Rate limiting

A bucket of tokens that quietly refills — spend one per request, and when it runs dry, callers have to wait.

The idea

Picture a small bucket that holds up to capacity tokens. Tokens drip back in at a steady refill_rate per second, but the bucket never overflows past full. Every request that arrives scoops out one token.

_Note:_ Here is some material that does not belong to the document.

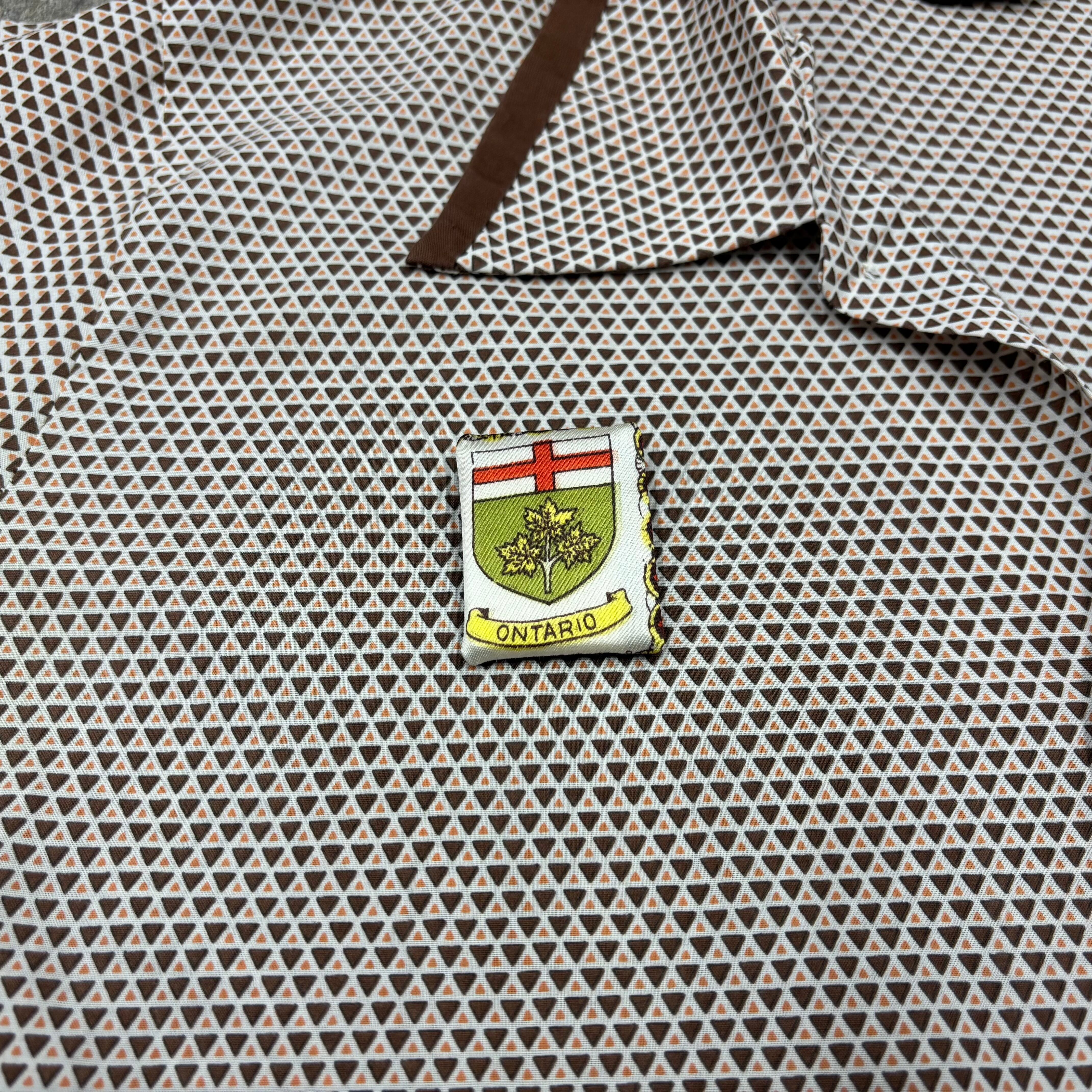素材タグしかついてないがこちらもザイデンステッカー製と思われる。おそらくホテルのアメニティかデパート向けに作られた紳士用パジャマ。襟の大きさとタグからみると1970年代後期。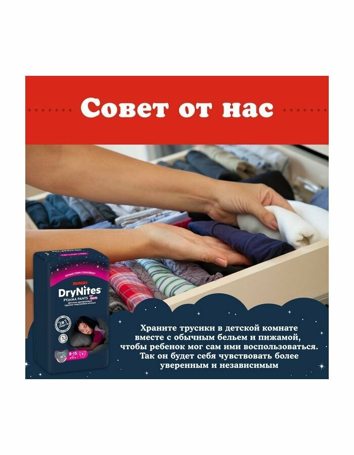 Трусики DryNites для девочек (8-15 лет), 9 шт. интересное:

If a token is there, the request is allowed. If the bucket is empty, the request is rejected with HTTP 429 (“too many requests”). A full bucket lets a quiet client fire a quick burst, but over time nobody can outrun the drip — so the long-run average is bounded by refill_rate.

See it work

Press play, or step through one event at a time.

How it works

The clever trick is that you don’t need a background timer adding tokens. You refill lazily: on each request, figure out how much time has passed since you last looked, add that many tokens (capped at capacity), then try to spend one.

import time

class TokenBucket:
    def __init__(self, capacity, refill_rate):
        self.capacity = capacity        # max tokens (burst size)
        self.refill_rate = refill_rate  # tokens added per second
        self.tokens = capacity          # start full
        self.last = time.monotonic()    # monotonic, not wall-clock

    def allow(self):
        now = time.monotonic()
        elapsed = now - self.last
        self.last = now
        # lazily add the tokens that accrued; never exceed capacity
        self.tokens = min(self.capacity,
                          self.tokens + elapsed * self.refill_rate)
        if self.tokens >= 1:
            self.tokens -= 1
            return True          # allowed
        return False             # denied -> respond 429

Fractional tokens are fine — they just accumulate. With refill_rate = 1/s, after 0.5 s you’ve earned half a token; it becomes spendable once it crosses 1.

Cost / trade-offs

DimensionToken bucket
Time per requestO(1) — a subtraction and a clamp
State per keyO(1) — two numbers: tokens and last
Burst behaviourAllows bursts up to capacity; smoother than a fixed window
StrictnessLess strict than leaky bucket (which paces output evenly)
Memory at scaleOne small record per client key — millions of keys add up
DistributedNeeds shared state (e.g. Redis) so nodes don’t each grant the full limit

Versus the alternatives. Leaky bucket drains at a fixed rate, smoothing output into a steady stream but disallowing bursts. Fixed window counts requests per calendar interval — simple, but lets a client send 2× the limit across a window boundary. Sliding window fixes that edge burst at the cost of more bookkeeping. Token bucket sits in between: cheap, and burst-friendly while still bounding the average.

Watch out for

Worked example

Take capacity = 5, refill_rate = 1/s, bucket starting full. A client fires 5 requests instantly: all 5 are allowed because the bucket had 5 tokens — that’s the burst. The bucket is now empty.

A 6th request arrives immediately: 0 tokens, so it’s rejected with 429, and a sensible Retry-After ≈ 1 s (the time to earn one token). If the client instead waits 3 seconds, the bucket has refilled to 3 tokens (capped at 5), so the next 3 requests pass. Over a long stretch, no matter how the requests clump, the client can’t exceed 1 request per second on average — exactly the refill rate.

Check yourself

1. Bucket is full at capacity = 5 with refill_rate = 1/s. A client sends 5 requests at once, then a 6th 200 ms later. What happens to the 6th?

2. You run the same limiter on 4 web servers, each with its own in-memory bucket, no shared state. What’s the real effective limit a single client can hit?